**Problem details**
The reply should contain all the data below, repeated exactly, and none of the images.

**Source material**
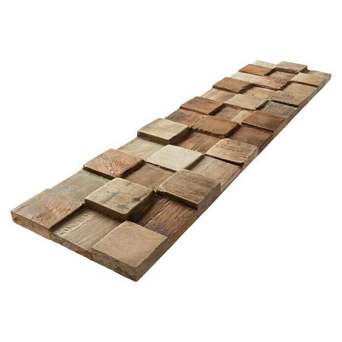 Die Holzpaneele sind aus wiederaufbereitetem Teakholz gefertigt. Egal ob nur eine kleine Fläche oder ganze Wände mit den Holzverblendern verkleidet werden – individuellen Gestaltungsideen sind keine Grenzen gesetzt. Die natürliche rustikale Farbgebung sowie der 3D-Effekt sorgen für eine ausdruckstarke Wandverkleidung im Wohnbereich.
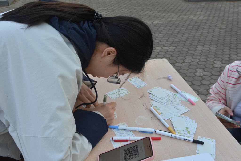 活动现场,同学们热情参与,纷纷动手制作属于自己的书签,认真写下对阅读的热爱、对生活的期许或对他人的祝福,一笔一划地镌刻在小小的书签之上。大家互相交流创作灵感,现场气氛热烈而温馨。完成后的书签由活动组织方统一收集,并有序放置在图书馆的自习桌、书架旁等角落,供往来同学自由取用。
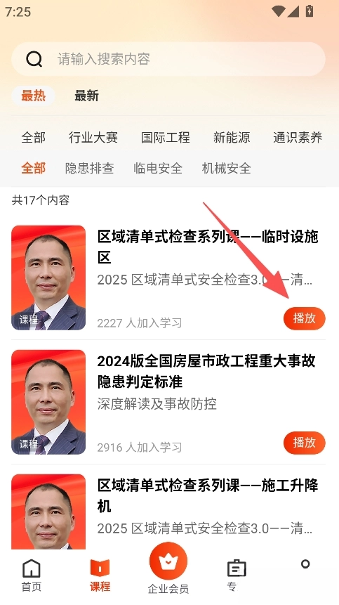 2、进入课程页,按最热、最新或分类查找课程,点击“播放”即可学习。

**Output for this exercise**
 Die Holzpaneele sind aus wiederaufbereitetem Teakholz gefertigt. Egal ob nur eine kleine Fläche oder ganze Wände mit den Holzverblendern verkleidet werden – individuellen Gestaltungsideen sind keine Grenzen gesetzt. Die natürliche rustikale Farbgebung sowie der 3D-Effekt sorgen für eine ausdruckstarke Wandverkleidung im Wohnbereich.
 活动现场,同学们热情参与,纷纷动手制作属于自己的书签,认真写下对阅读的热爱、对生活的期许或对他人的祝福,一笔一划地镌刻在小小的书签之上。大家互相交流创作灵感,现场气氛热烈而温馨。完成后的书签由活动组织方统一收集,并有序放置在图书馆的自习桌、书架旁等角落,供往来同学自由取用。
 2、进入课程页,按最热、最新或分类查找课程,点击“播放”即可学习。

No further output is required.